Important: Due to the non-deterministic nature of LLMs, it may take a few tries of troubleshooting with the LLM to ensure the jobs run correctly and the tables are set-up correctly. It's of utmost importance that you verify the output before proceeding further. This is the first deployment checkpoint — validate all three data layers together before moving to planning and downstream stages.
Recommended: Validate the full data pipeline (Bronze, Silver, and Gold) before moving to the next step.
Validation Prompt:
Using @data_product_accelerator/skills/common/databricks-autonomous-operations/SKILL.md, validate, deploy, run, and troubleshoot until success for all data pipeline jobs — Bronze, Silver, and Gold.

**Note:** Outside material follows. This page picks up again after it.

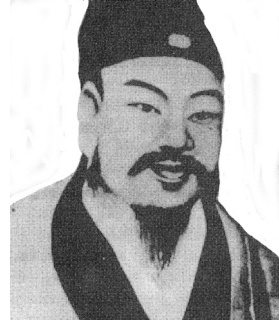
Figure 56.4. Zhang Zhongjing (150-210).

Au cours de la dynastie Jin, le célèbre alchimiste taoïste Ge Hong (Figure 56.7) souligne dans son ouvrage Zhou Hou Bei Ji Fang ( Prescriptions d'urgence ) que l'apparition et le développement d'une tumeur sont généralement précédés par l'aggravation de certains symptômes. Ge Hong conseillait vivement aux personnes de consulter leur médecin pour qu'il diagnostique et traite ces symptômes dès leur apparition, le rôle du médecin étant d'éviter le développement ou la propagation de la tumeur.

This will involve the following steps:
- **Validate the Asset Bundle** — run `databricks bundle validate -t dev` to catch configuration errors before deployment
- **Deploy to workspace** — run `databricks bundle deploy -t dev` to push all resources to the Databricks workspace
- **Run Bronze jobs first** — execute Bronze layer jobs (table creation + data population) and verify all tables exist with data
- **Run Silver DLT pipeline** — execute DQ rules setup job first, then the Silver SDP pipeline; verify expectations are checked and data flows through
- **Run gold_setup_job** — execute Gold table creation and FK constraint tasks (dependency order: tables → PK → FK)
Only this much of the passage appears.